Information shown:
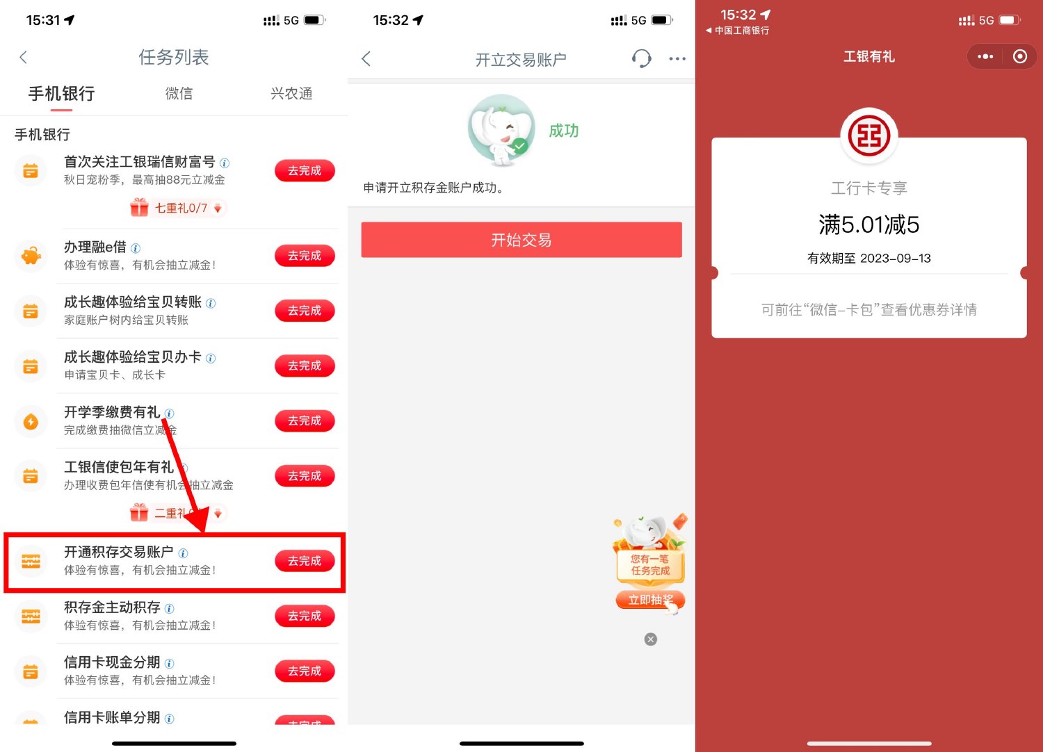 工行APP搜索“任务中心”->找到积存金去完成->点我的持倉开通后返回页面抽立减金(之前开通过的先注销然后重新开)
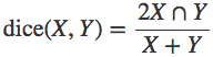 计算值是交叉区域与两区域之和的比率的两倍。对于不相交的区域,值为0;如果两区域完全一致,则值为1。
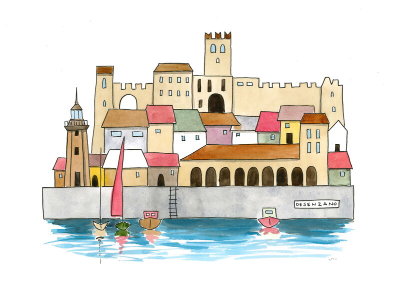A hand-painted illustration depicting the villages of Lake Garda with a simple, playful and childlike style, reinterpreting the characteristic buildings with lightness and creativity.
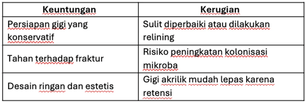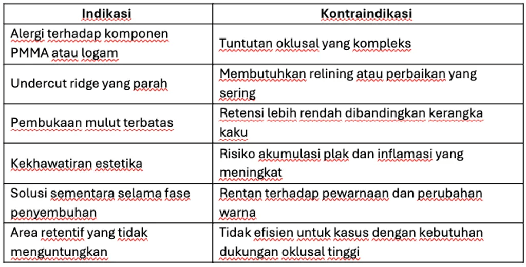 - Hindari pada kasus dengan gaya oklusal yang tinggi atau kebutuhan relining di masa mendatang.

To do:
Give back the whole of the material exactly, with the pictures removed.

Written reply:
 工行APP搜索“任务中心”->找到积存金去完成->点我的持倉开通后返回页面抽立减金(之前开通过的先注销然后重新开)
 计算值是交叉区域与两区域之和的比率的两倍。对于不相交的区域,值为0;如果两区域完全一致,则值为1。
A hand-painted illustration depicting the villages of Lake Garda with a simple, playful and childlike style, reinterpreting the characteristic buildings with lightness and creativity.
 - Hindari pada kasus dengan gaya oklusal yang tinggi atau kebutuhan relining di masa mendatang.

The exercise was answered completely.